Treatment with the pyrophosphate analog etidronate rescues aspects of the dgf phenotype. (A) Measurements (in pixel area) of the mineralized area in the axial skeleton of Alizarin-Red- and Alcian-Blue-stained siblings (sibs; left panel) and mutants (right panel), which were either untreated (blue) or treated with 100 μM Etidronate (green). A′ indicates the region of interest that was measured for the analysis. No significant difference (ns) occurs in siblings (A,B left panels); in treated dgf mutants, the mineralized area was significantly reduced when compared with untreated dgf mutants (A,B right panels). n=50 (dgf 100 μM Etidronate); n=48 (dgf control); n= 24 (siblings 100 μM Etidronate); n=24 (siblings control).

Fig. 4.

Expression of regulators of phosphate and biomineralization is perturbed in dgf mutants. qPCR analysis showing the relative gene expression levels of genes involved in phosphate homeostasis and biomineralization in siblings (sib) compared with those in dgf mutants, normalized to the expression of ef2a. *P≤0.05, **P≤0.01. Means±s.e.m. are shown.

Fig. 5.

Distal expression of enpp1 is sufficient to prevent ectopic calcifications in the notochord. (A) Overview of the tissue-specific lines that were used in the different rescue experiments. (B) Analysis and quantification of dgf embryos and dgf transgenic lines with respect to the notochord phenotype (shown as percentages of the total number of embryos examined).
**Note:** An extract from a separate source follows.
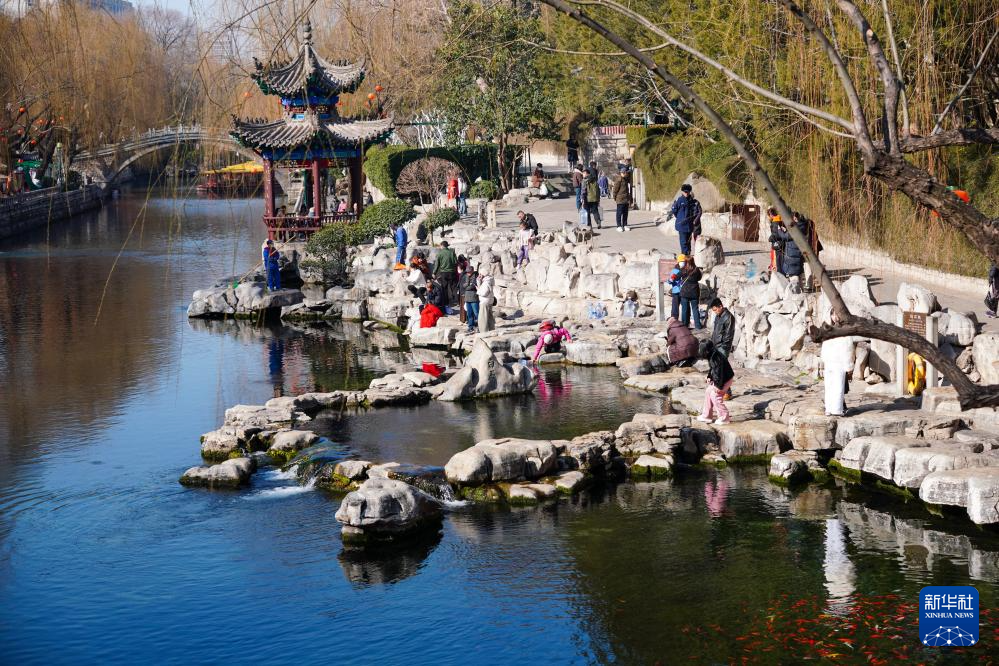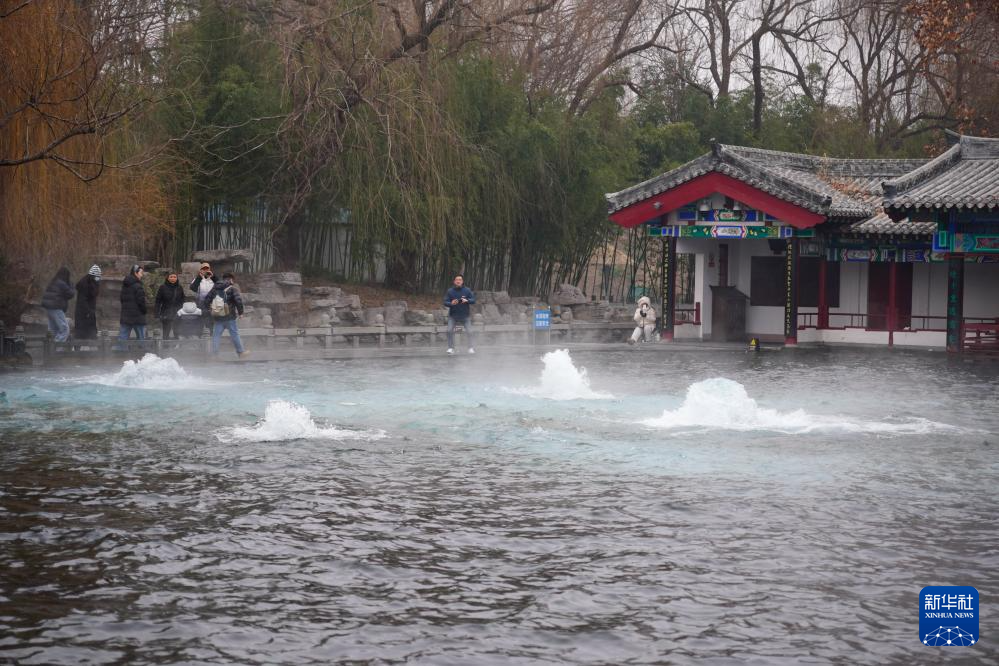 2月11日,人们在观赏济南白石泉。

Sibs, siblings; transg, transgenic line. (C–C‴) Representative examples of non-transgenic dgf embryos and their transgenic dgf siblings for the respective constructs after Alizarin-Red staining.

Fig. 6.

Cells expressing osteoclastic markers appear at ectopic mineralization sites in dgf mutants. Staining of Trap in a wild-type sibling (A) and dgf embryo (B). Trap staining (red) was visible in a dgf embryo at the region of the heart and yolk sac (B, arrowhead). Ventral view of sibling (C) and mutant (D) embryo with ectopic mineralization in the heart and yolk sac region. (C) No cathepsinK-positive cells were visible in siblings at this timepoint; (D) mutants showed colocalization of ectopic soft tissue mineralization and cathepsinK-positive cells, but no cathepsinK-positive cells were aligned to skeletal elements, such as the cleithrum (cl). (E,F) Ventral view of the yolk sac area of embryos that had been stained for Trap and with an antibody against GFP (α GFP). (F) Trap staining appeared in association with cathepsinK-positive cells. White arrows indicate loci of osteoclasts with high Trap activity. (G) Higher-magnification image of cathepsinK and Trap colocalization in a dgf mutant. Scale bar: 20μm. The staining of Trap in E–G is pseudo-colored for improved visibility. In the axial skeleton, cathepsinK-positive cells were not visible in siblings (H); however, in dgf mutants (I), cathepsinK-positive cells appeared from 9 dpf onwards and colocalized with mineralized vertebral bodies. White arrows indicate osteoclasts aligning with vertebral elements. (J) Ventral view of accumulating cathepsinK-positive cells in the skin of the heart region. These cells also express the macrophage marker mpeg1.